===== The data
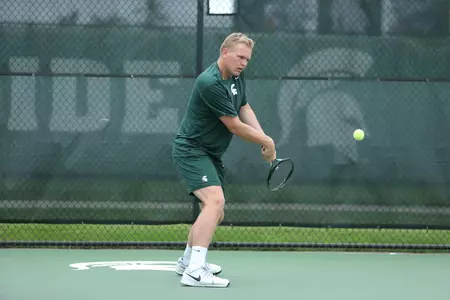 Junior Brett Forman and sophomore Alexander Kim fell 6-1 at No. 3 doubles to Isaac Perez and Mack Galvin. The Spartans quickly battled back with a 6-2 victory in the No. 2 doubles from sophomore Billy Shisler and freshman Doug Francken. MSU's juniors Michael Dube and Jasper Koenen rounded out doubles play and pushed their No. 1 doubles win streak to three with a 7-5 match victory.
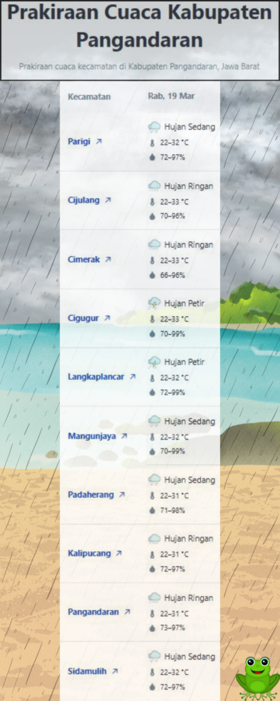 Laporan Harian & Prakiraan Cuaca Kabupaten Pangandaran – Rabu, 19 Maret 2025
==========
===== The data
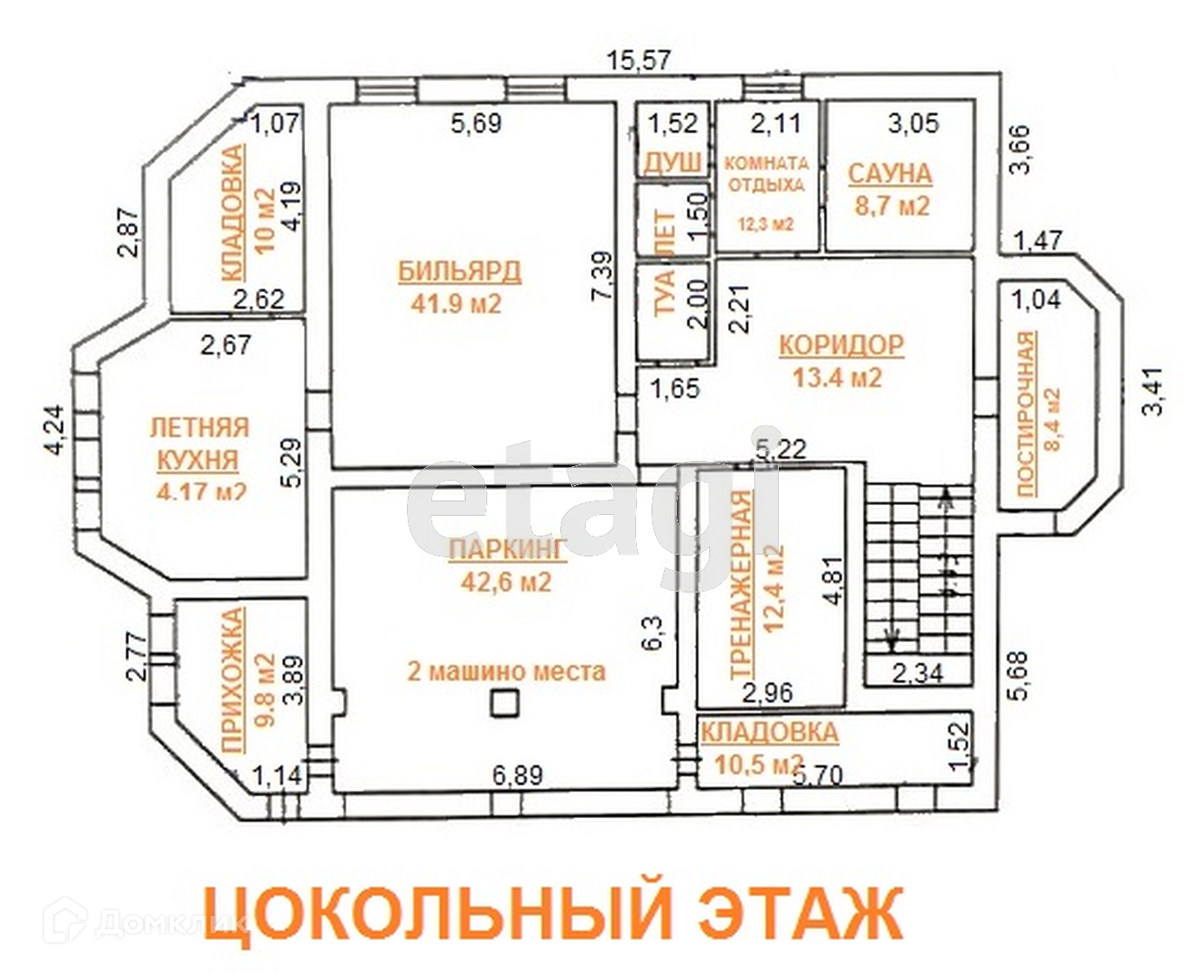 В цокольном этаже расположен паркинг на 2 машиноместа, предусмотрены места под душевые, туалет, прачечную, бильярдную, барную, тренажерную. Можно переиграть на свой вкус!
==========
* Exercise instructions *
When you reach the line holding "Junior Brett Forman" in the listing above, begin retyping exactly, and stop once the line holding "Laporan Harian &" is done; pictures stay out.

* Solution to the exercise *
 Junior Brett Forman and sophomore Alexander Kim fell 6-1 at No. 3 doubles to Isaac Perez and Mack Galvin. The Spartans quickly battled back with a 6-2 victory in the No. 2 doubles from sophomore Billy Shisler and freshman Doug Francken. MSU's juniors Michael Dube and Jasper Koenen rounded out doubles play and pushed their No. 1 doubles win streak to three with a 7-5 match victory.
 Laporan Harian & Prakiraan Cuaca Kabupaten Pangandaran – Rabu, 19 Maret 2025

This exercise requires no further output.